JAKARTA – Otoritas Jasa Keuangan (OJK) prediksi kredit perbankan tumbuh sebesar 10% – 12% tahun ini didukung oleh pertumbuhan dana pihak ketiga sebesar 7%-9%.
Ketua Dewan Komisioner OJK Mahendra Siregar mengatakan bahwa posisi penyaluran kredit perbankan sepanjang 2022 berada pada level tertinggi bila dibandingkan dengan rerata 5 tahun sebelum pandemi Covid-19.
Mahendra menambahkan kredit perbankan tumbuh double digit pada tahun ini, lebih tinggi dibandingkan rata-rata sebelum pandemi Covid-19. Rata-rata kredit bank dalam 5 tahun terakhir tumbuh 8,9% yoy.
“Kredit perbankan tumbuh 11,4% lebih tinggi dari rerata 5 tahun sebelum pandemic.
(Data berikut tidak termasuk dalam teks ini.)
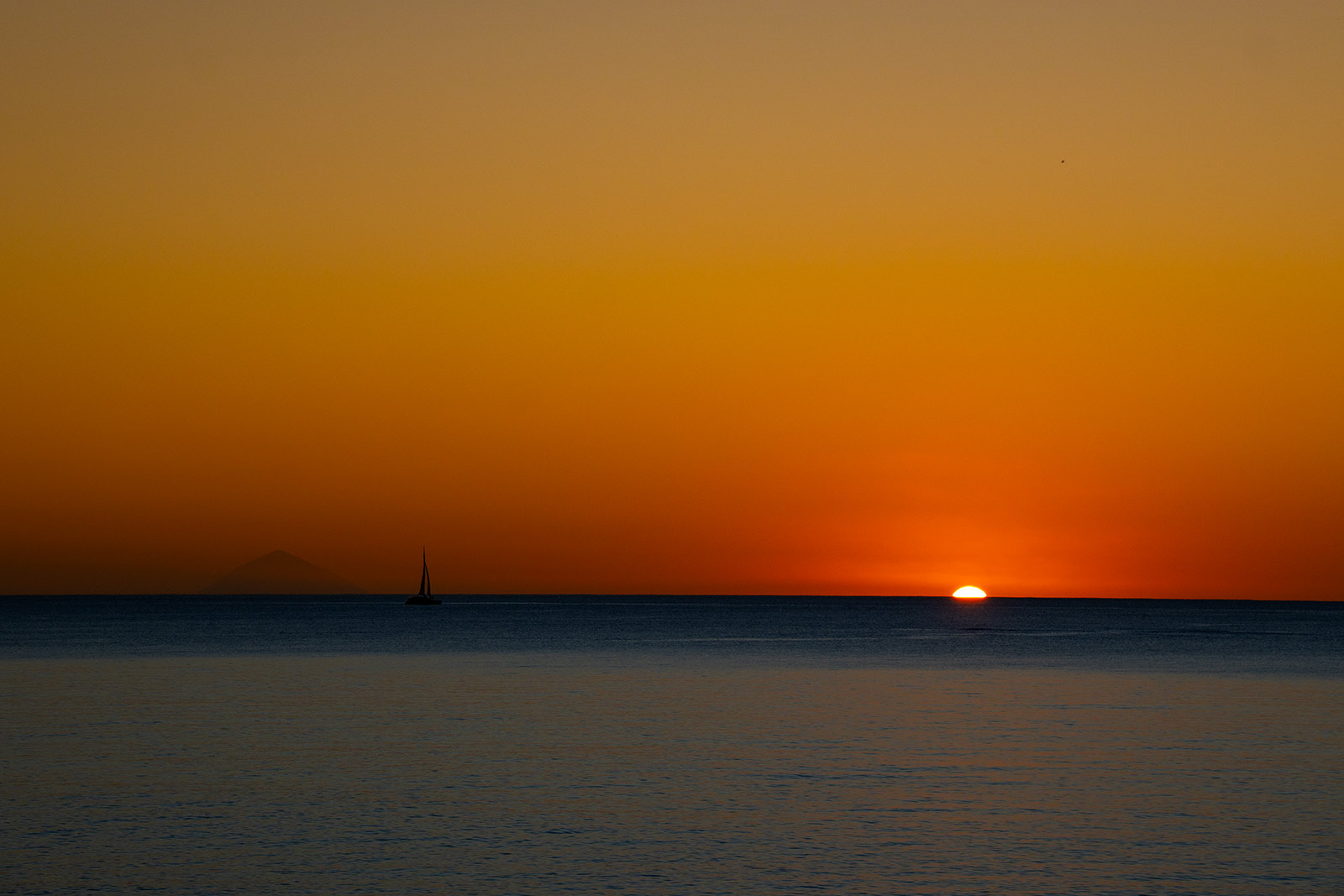 Ein unglaublicher Tag geht zu Ende! Und bei Cocktail und einem kühlen Bier genießen wir einen weiteren tollen Sonnenuntergang mit Vulkan und meinem Segelboot.

Kredit perbankan diproyeksi tumbuh sebesar 10% sampai 12% yang didukung oleh pertumbuhan dana pihak ketiga 7% sampai 9%,” jelas Mahendra dalam agenda Pertemuan Tahunan Industri Jasa Keuangan 2023, Senin (6/2).
Sementara itu, di pasar modal nilai emisi ditargetkan sebesar Rp200 triliun dan dapat mencapai nilai lebih besar jika didukung kondisi perekonomian yang lebih baik lagi.
Mahendra mengatakan untuk industri keuangan nonbank, piutang pembiayaan perusahaan pembiayaan diproyeksikan tumbuh 13% s/d 15% sejalan dengan meningkatnya mobilitas masyarakat.
Sementara aset asuransi jiwa dan asuransi umum diperkirakan tumbuh sebesar 5% sampai dengan 7%. OJK terus melakukan reformasi di sektor ini. Sementara dana pensiun diperkirakan juga tumbuh 5% s/d 7%.
Tingginya optimisme terhadap prospek perekonomian nasional tercermin dari perkembangan pasar modal yang mencatatkan penambahan 71 emiten baru sepanjang 2022.
Sementara kredit perbankan dan piutang pembiayaan masing-masing tumbuh 11,4% dan 14,2%, lebih tinggi dibandingkan dengan rerata 5 tahun sebelum pandemi yaitu sebesar 8,9% dan 4,4%.
Mahendra menyadari tahun 2023 adalah tahun dimana siklus politik 5 tahunan akan dimulai. Jika melihat tren pada periode sebelumnya, akselerasi pertumbuhan konsumsi masyarakat dan aktivitas industri akan meningkat, khususnya pada industri padat karya seperti makanan/minuman, tekstik dan produk tekstil, percetakan hingga transportasi.
Namun demikian, dia meyakini sekalipun suhu politik meningkat, kondisi keamanan, kepastian hukum dan iklim usaha akan tetap terjaga dengan baik.
Dia menyadari dari pelaku usaha saat ini juga harus menghadapi risiko perlambatan pertumbuhan ekonomi global, pennurunan harga komoditas, permintaan ekspor hingga pengetatan likuiditas.